2019-04 Dreamcatcher Kenyatta Parker

When I met Kenyatta Parker over 25 years ago, I thought he was one of the most charming, kind and respectful young men I’d encountered in a long time. Balancing athletics and academics with limitless finesse, he’d already started paving the way for a lifetime of service. What garnered my attention nearly three decades later was his acute awareness of a subject that is near and dear to my heart – sensing – and responding – to the pain of others.

As an African-American male, Kenyatta saw and experienced numerous injustices in communities of color, and questioned the rationale, repercussions and reconciliation of situations that were clearly inhumane. Aware of the option to lash out, he instead channeled his efforts into positive interventions, mentoring, open dialogue and later, a non-profit organization that bolstered his efforts towards alleviating pain.

I am duly proud of this April Dreamcatcher because his love for his family resonates as greatly as his love for others. Kenyatta consistently endeavors to build bridges, awareness and relationships that support the underserved and strengthen communities at large. On so many ocassions, particularly when conversations challenge our perceptions, we may shy away from the uncomfortable at the expense of all involved.

I am proud of my brother and friend who has chosen to dedicate his life to demonstrating love in the many places where it may be felt least often. Please help me celebrate Kenyatta Parker, and read below to hear how he catches his dreams in his own words against the odds and with success in mind.

1. What do you feel are your personal and/or professional callings? How did you know?

I feel my personal and professional calling is simply to be of service to people.  Especially my people, Black/African.  Although professionally I am still searching for the specific vehicle to live out my calling, it is definitely still rooted in service. 

Teaching our (black) less fortunate how to empower themselves and cultivate skills to help them change their current circumstances is definitely a joy and a calling.  I discovered this while mentoring young adults with my non-profit org and teaching in middle school.  The joy I got from seeing the light bulbs go off in the minds of the people I poured into was all I needed to see and feel.  I knew then!

2. What was the defining moment that compelled you to choose this direction? What cemented your passion?

There is not one defining moment that compelled me to think the way I do and live life going in this direction.  In my opinion, this path is a product of the family I was raised in.  I have a family of activists, Pan Africans, and scholars that I watched and grew up around.  I saw how they manifested their passion for our people by teaching, founding community centers and being life-long activists for people of color.  This inspired and molded me. 

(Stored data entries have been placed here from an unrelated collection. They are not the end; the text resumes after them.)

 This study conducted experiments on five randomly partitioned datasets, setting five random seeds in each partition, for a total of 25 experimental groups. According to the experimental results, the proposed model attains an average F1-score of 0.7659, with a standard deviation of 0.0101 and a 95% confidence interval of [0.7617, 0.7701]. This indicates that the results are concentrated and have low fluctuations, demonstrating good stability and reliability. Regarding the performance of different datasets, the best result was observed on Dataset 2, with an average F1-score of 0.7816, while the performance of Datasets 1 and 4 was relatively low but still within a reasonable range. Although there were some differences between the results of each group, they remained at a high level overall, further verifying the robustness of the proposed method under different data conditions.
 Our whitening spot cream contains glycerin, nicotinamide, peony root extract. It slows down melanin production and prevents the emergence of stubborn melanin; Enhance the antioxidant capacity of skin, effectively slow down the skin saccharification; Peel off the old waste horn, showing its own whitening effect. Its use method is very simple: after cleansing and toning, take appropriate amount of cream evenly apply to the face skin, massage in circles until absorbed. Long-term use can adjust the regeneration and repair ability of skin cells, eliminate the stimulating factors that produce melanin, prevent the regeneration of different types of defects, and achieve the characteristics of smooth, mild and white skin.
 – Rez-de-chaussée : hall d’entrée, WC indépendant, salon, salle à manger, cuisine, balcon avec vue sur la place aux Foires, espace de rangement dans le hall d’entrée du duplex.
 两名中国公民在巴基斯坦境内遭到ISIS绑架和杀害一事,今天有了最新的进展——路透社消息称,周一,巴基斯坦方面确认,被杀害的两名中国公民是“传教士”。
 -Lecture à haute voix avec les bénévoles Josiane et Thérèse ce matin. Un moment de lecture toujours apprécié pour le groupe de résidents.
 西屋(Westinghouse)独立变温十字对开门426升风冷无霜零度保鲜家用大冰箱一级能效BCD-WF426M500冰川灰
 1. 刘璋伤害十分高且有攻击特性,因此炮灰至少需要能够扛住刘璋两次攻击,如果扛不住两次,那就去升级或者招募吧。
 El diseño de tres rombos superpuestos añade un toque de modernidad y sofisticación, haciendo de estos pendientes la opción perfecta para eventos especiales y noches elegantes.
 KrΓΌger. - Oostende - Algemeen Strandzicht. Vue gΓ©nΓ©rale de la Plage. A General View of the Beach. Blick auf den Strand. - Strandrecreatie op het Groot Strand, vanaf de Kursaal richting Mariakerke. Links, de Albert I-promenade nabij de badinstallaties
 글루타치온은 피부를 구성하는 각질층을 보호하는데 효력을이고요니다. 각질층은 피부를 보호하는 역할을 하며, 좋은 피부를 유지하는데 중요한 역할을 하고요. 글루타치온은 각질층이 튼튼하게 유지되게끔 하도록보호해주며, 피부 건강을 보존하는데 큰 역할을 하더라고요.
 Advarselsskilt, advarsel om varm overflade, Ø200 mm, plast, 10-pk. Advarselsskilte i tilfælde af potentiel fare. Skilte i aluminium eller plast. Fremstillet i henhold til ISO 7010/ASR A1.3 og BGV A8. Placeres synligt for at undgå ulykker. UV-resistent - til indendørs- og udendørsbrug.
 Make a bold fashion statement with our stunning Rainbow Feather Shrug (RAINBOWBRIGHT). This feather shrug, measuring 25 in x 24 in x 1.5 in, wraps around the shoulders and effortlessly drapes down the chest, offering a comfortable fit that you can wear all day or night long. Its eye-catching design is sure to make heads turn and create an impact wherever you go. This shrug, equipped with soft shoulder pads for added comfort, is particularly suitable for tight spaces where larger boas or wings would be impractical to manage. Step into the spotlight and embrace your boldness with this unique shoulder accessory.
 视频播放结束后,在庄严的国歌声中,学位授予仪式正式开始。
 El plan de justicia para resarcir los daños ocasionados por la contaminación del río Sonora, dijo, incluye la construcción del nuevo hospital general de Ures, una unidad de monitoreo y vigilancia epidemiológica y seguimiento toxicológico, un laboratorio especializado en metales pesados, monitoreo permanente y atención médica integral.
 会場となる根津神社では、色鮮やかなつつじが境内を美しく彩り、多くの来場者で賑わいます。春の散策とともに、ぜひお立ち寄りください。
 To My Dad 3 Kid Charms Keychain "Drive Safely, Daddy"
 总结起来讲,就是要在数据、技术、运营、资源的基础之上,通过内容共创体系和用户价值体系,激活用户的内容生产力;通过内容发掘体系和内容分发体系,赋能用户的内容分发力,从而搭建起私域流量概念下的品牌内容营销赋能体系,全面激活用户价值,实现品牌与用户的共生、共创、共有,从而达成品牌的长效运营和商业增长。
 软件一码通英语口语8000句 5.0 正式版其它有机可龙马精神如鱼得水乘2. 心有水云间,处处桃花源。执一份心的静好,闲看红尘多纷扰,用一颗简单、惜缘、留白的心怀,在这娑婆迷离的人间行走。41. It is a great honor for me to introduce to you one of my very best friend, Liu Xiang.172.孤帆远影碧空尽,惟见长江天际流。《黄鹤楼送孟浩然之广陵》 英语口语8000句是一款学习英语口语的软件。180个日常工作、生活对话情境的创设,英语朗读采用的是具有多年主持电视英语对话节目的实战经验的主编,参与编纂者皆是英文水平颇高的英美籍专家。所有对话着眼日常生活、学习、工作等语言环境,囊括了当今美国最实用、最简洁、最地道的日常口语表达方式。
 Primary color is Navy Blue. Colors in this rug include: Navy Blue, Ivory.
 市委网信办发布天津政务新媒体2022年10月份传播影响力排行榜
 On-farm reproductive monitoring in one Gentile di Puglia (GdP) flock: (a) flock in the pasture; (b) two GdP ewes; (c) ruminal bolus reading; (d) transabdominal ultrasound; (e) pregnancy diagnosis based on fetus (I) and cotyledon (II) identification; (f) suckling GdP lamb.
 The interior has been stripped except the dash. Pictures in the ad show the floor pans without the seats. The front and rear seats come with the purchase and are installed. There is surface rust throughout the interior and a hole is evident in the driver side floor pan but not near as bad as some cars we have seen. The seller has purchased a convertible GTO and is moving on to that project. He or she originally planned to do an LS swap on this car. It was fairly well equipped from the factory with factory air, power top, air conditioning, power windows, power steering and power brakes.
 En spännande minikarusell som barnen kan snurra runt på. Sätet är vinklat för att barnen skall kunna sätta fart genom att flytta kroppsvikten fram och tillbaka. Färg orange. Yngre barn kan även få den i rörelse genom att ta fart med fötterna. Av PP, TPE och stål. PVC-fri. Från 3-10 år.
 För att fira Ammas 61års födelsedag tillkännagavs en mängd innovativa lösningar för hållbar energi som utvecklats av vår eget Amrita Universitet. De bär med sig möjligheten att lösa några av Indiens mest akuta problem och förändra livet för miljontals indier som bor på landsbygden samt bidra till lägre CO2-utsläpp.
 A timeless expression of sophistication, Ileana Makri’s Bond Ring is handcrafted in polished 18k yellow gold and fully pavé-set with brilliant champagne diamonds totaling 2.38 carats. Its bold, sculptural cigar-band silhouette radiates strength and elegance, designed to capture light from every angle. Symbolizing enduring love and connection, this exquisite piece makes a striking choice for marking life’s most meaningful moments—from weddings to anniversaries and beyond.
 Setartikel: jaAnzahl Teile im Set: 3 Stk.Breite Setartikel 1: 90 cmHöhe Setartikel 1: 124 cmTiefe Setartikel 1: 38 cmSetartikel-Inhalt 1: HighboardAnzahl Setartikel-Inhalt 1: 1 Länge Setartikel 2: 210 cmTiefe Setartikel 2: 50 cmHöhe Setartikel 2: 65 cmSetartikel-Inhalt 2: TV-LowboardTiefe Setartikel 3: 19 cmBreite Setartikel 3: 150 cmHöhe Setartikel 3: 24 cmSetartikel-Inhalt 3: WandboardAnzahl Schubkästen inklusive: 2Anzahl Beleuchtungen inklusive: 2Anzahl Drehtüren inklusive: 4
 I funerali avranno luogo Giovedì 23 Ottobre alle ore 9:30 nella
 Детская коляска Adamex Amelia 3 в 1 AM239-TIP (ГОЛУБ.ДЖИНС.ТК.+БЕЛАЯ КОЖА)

If I had to pick a moment when I knew this was also MY passion, it would have to be my first trip to the continent of Africa.  My travels to Africa taught me something.  It taught me that growing up in the U.S. naturally makes us over-consumers, selfish and in a sense ungrateful.  We lose, in my opinion, the essence of what life is truly about.  Being there was the first time in my life that I saw African/Black people as the majority, and it was BEAUTIFUL!  It changed me forever. 

Being there also allowed me to see that all anyone NEEDS is spirituality, food, shelter, and family.  Everything else is superficial and a desire, not a need.  Believe it or not, on this trip I actually wrote a manifesto for myself that proclaimed what my purpose in life was.  When I find it, I’ll share it with you!  In conclusion, my family and my pilgrimage to Africa helped cement my passion.

3. What would people be surprised to know about you?

I think people would be surprised at how much I read for self-improvement; how sensitive of a person I am and can be, and how as a child, I used to literally pray for the type of family I wanted to have as an adult.  

4. If you had a catchphrase, what would it be?

“We all we got!”

5. When people see what you’re striving for, what would you want them to keep in mind? What can they do to help support this cause?

I want them to see what I am striving for to spark curiosity to learn more about themselves, our true history and ways to take action to improve our community.  They can help this cause by loving themselves enough, to love people that look like them enough, to help.  Simple.

Thank You, Kenyatta Parker for catching your dreams…you’re changing lives along the way.